Record extracts →
########################################

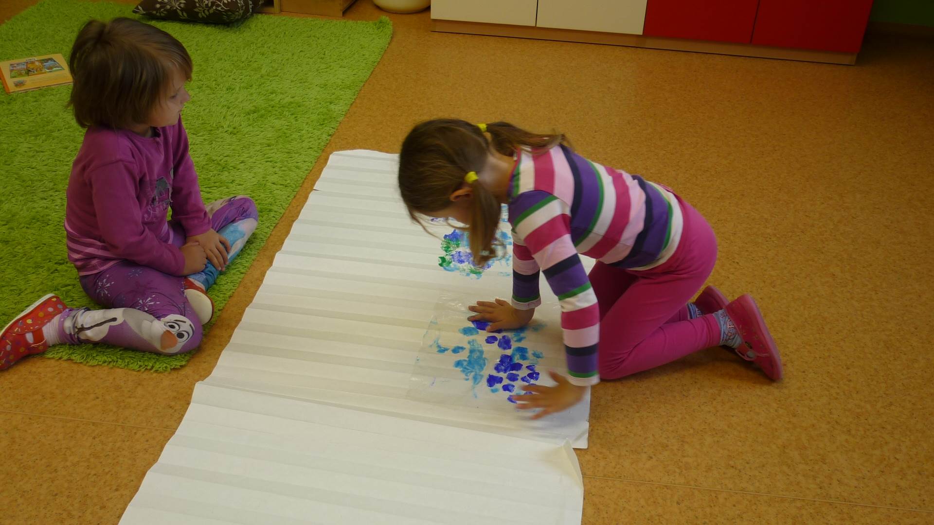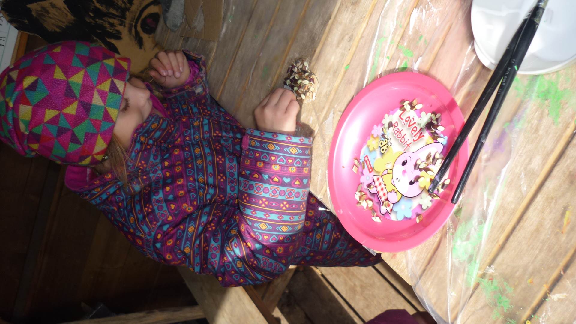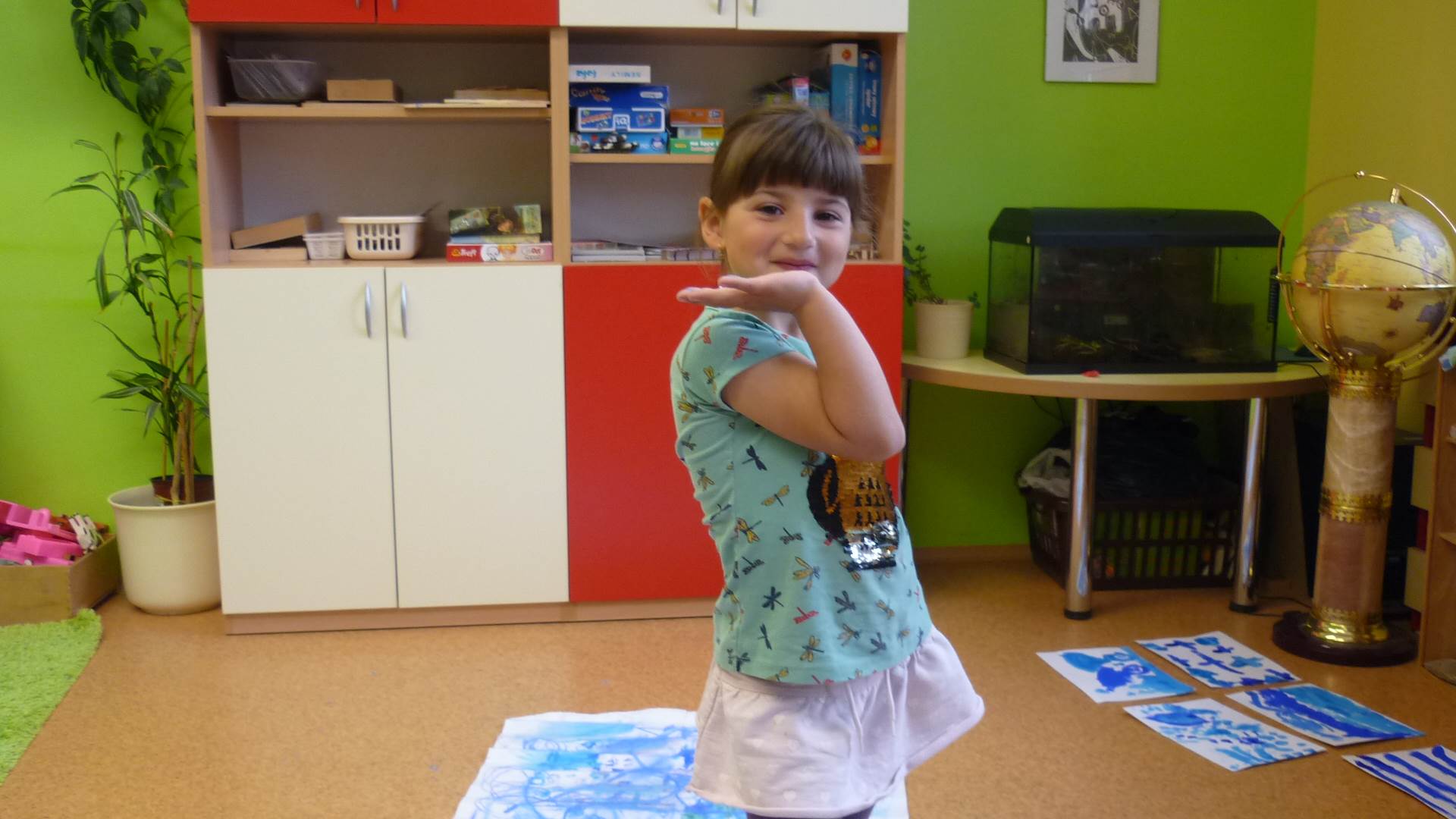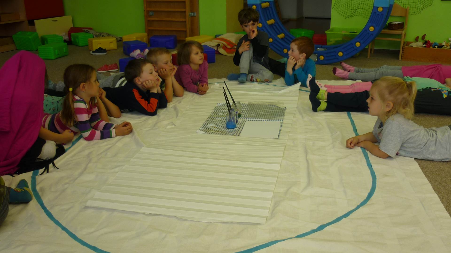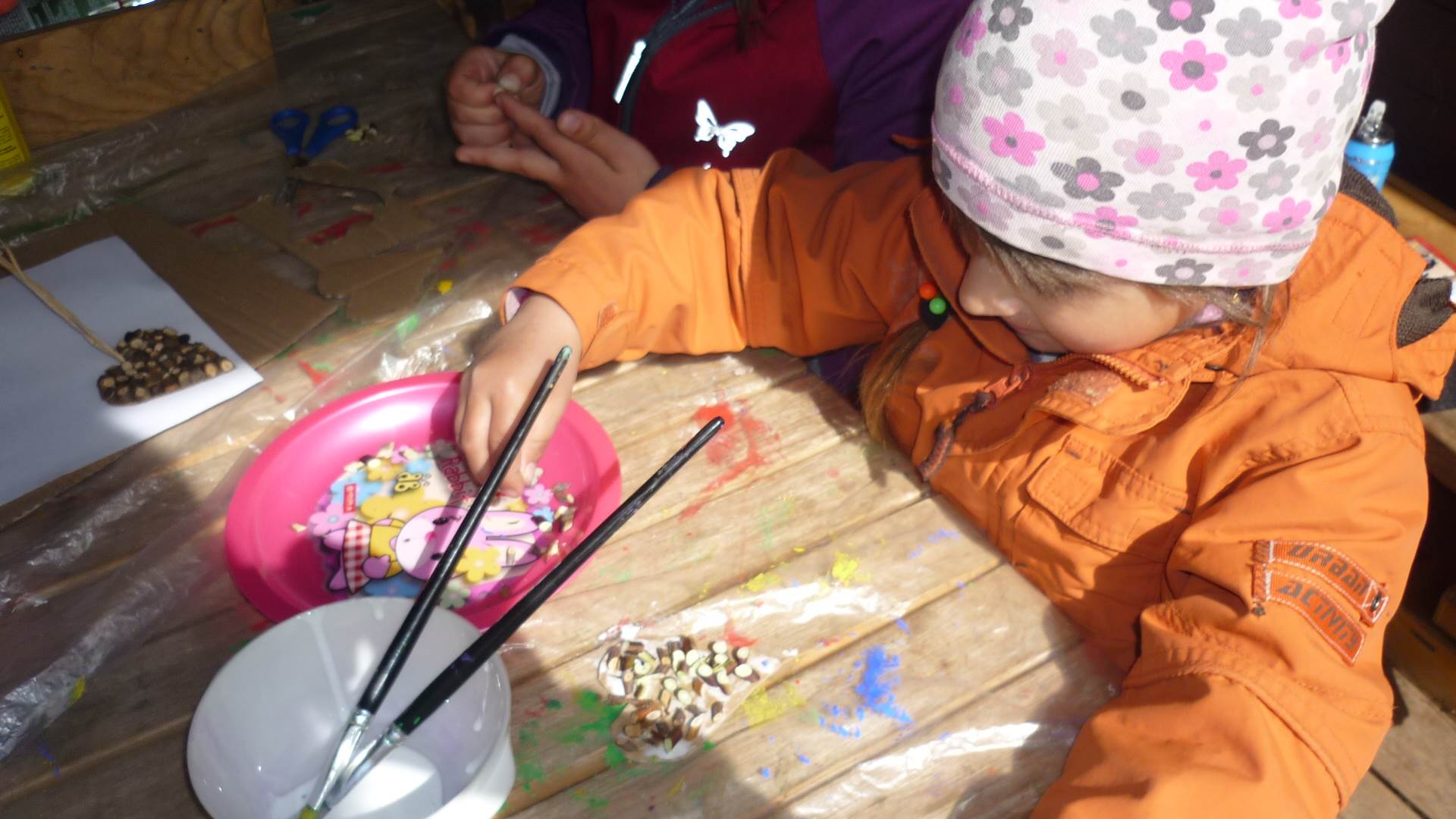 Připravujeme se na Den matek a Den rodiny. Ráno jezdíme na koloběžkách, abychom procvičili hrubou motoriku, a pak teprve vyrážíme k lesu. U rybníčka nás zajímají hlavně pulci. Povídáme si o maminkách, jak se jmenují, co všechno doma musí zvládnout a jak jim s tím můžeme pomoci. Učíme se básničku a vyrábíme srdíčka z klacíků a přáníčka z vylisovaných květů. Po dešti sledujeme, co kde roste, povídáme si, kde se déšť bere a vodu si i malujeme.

########################################

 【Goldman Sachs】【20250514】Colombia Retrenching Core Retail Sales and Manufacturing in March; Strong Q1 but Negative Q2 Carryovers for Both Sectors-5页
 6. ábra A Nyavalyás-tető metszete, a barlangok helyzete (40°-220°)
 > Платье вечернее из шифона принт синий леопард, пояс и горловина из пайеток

########################################

What you should do →
Among the entries above, the line containing "for Both Sectors-5页", the line containing "горловина из пайеток", and all lines between them are to be restated word for word; nothing else belongs in the reply.

Expected answer →
 【Goldman Sachs】【20250514】Colombia Retrenching Core Retail Sales and Manufacturing in March; Strong Q1 but Negative Q2 Carryovers for Both Sectors-5页
 6. ábra A Nyavalyás-tető metszete, a barlangok helyzete (40°-220°)
 > Платье вечернее из шифона принт синий леопард, пояс и горловина из пайеток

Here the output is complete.